* **What to work on**
Transcribe the line holding "In the pwc and" together with every line after it, through the end of the records, exactly and with no pictures.

* **Dataset excerpts**
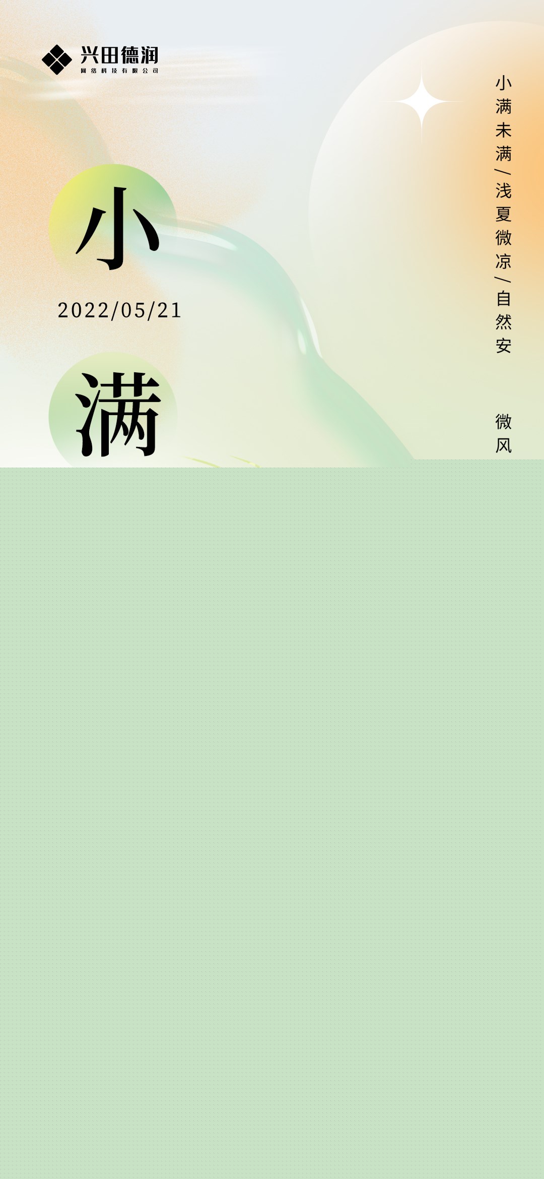 小滿,“二十四節氣”之一,是夏季的第二個節氣。小滿節氣的氣候特點是降水頻繁,往往會出現持續大範圍的強降水。小滿節氣後(hòu)南方雨水漸盛,正如民諺雲“小滿,江河漸滿”,小滿反映雨水豐盈。另有解釋是指北方麥類等夏熟作物的籽粒開(kāi)始灌漿,隻是剛開(kāi)始飽滿,還(hái)未完全飽滿。
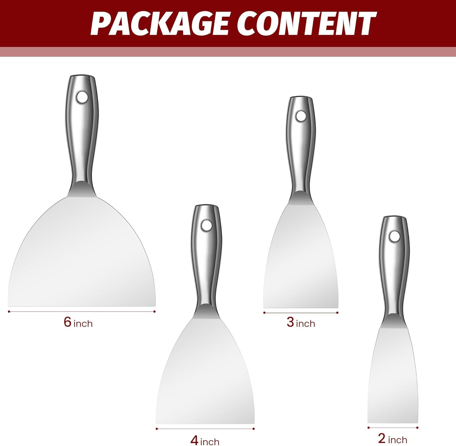 - [ALL STAINLESS STEEL]The putty knives are processed into one piece,that more solid and durable than others.Stainless-steel handle and blade ensure faster application and higher work efficiency
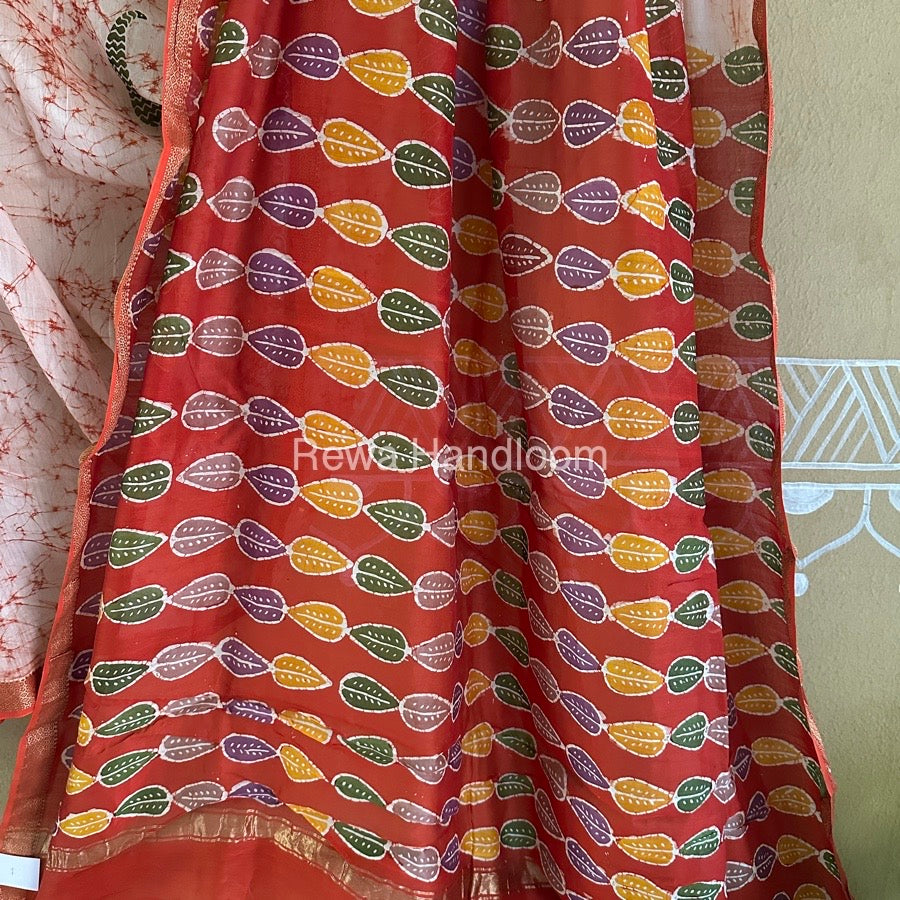 Maheshwari Red Batik Indonesian Print Saree IBS051
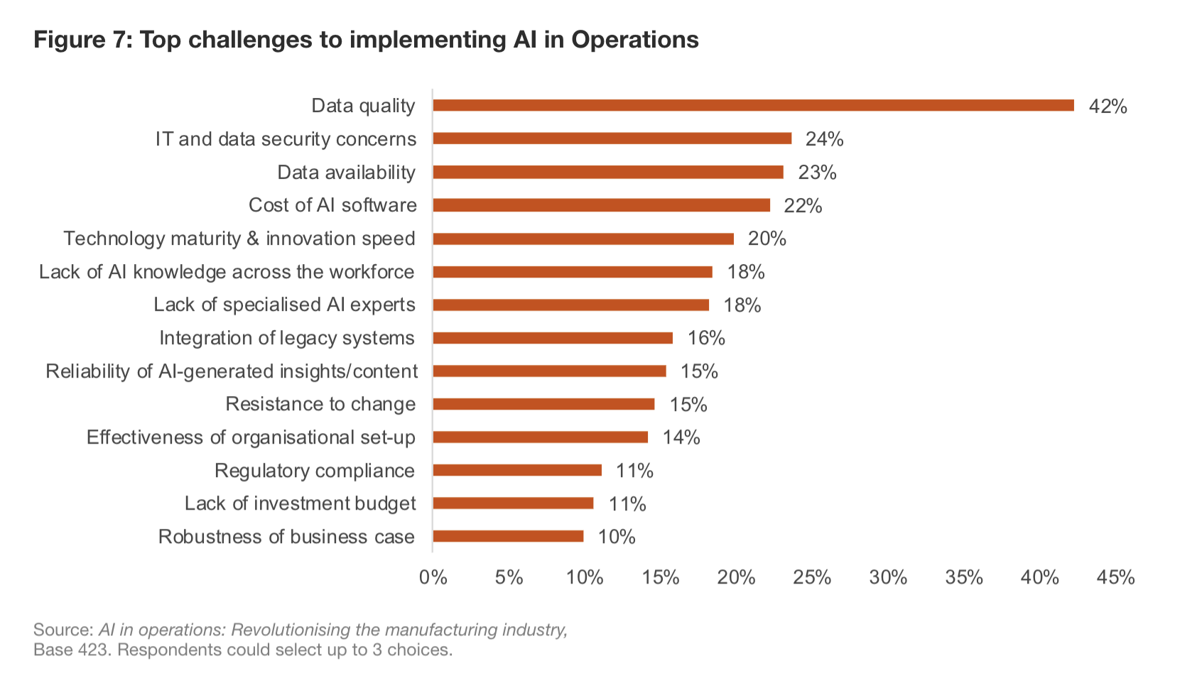 In the pwc and Microsoft AI in Operations study, IT and Data Security was the second highest on the list of challenges.
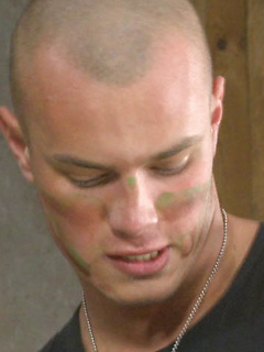 The soldier starts to milk the young reporter. Then he commands him to jerk. He kisses him and treats him like a girl.

* **Task answer**
 In the pwc and Microsoft AI in Operations study, IT and Data Security was the second highest on the list of challenges.
 The soldier starts to milk the young reporter. Then he commands him to jerk. He kisses him and treats him like a girl.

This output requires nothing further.